Charles Pic and Jean-Éric Vergne were the first cars to emerge from pit lane once the twenty-minute session was given the green light to begin. Pic's first flying lap was ruined when he was blocked by the slow-moving HRT of Pedro de la Rosa at Rascasse, forcing the Frenchman to pit.

Sauber's Sergio Pérez crashed heavily at the Swimming Pool, striking the outer barrier with enough force to remove a wheel. The session was red-flagged due to his crash (for the second year in succession) for six minutes while the car was removed. During replays of the incident, commentators observed Pérez shouting "power steering!" over his radio moments before the crash. Pérez's left-front steering was damaged, leading to speculation that the crash had been a by-product of the incident with Pastor Maldonado in the third free practice session.
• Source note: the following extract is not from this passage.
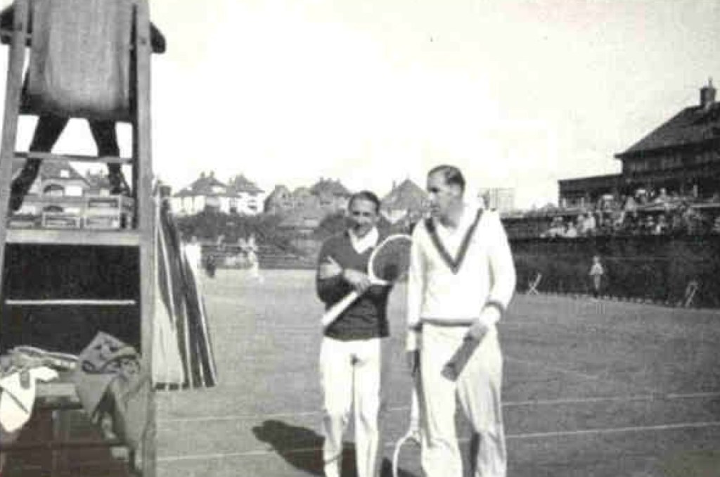“De tennisvelden van rood baksteen liggen dicht bij Huis ter Duin. Er zijn 18 banen. Voor de toernooien komen vaak beroemde gasten, zoals hier (rechts) Tilden en Prenn.” De foto is waarschijnlijk genomen tijdens het internationale kampioenschap van Nederland, dat van 8 tot 13 juli in Noordwijk werd gehouden. In de finale van het herendubbel joegen Bill Tilden en Daniël Prenn het Nederlandse koppel Henk Timmer en Arthur Diemer Kool met 6-1, 6-2 en 7-5 de bietenbrug op. Daar hoefden ze niet eens hun trui voor uit te trekken.

With eight minutes remaining Mercedes driver Michael Schumacher led teammate Nico Rosberg with several drivers close behind. Defending World Champion Sebastian Vettel opted for a set of super-soft tyres late in the session, as his time from his stint on the slower soft tyres had left him in 16th place. Both Lotus drivers waited late to set their first timed lap, both opting for soft tyres. However, while Romain Grosjean set a competitive lap time, Kimi Räikkönen was not so quick and was only half a second ahead Caterham's Heikki Kovalainen and in danger of being eliminated. Räikkönen switched to a set of super-soft compounds and was able to avoid elimination.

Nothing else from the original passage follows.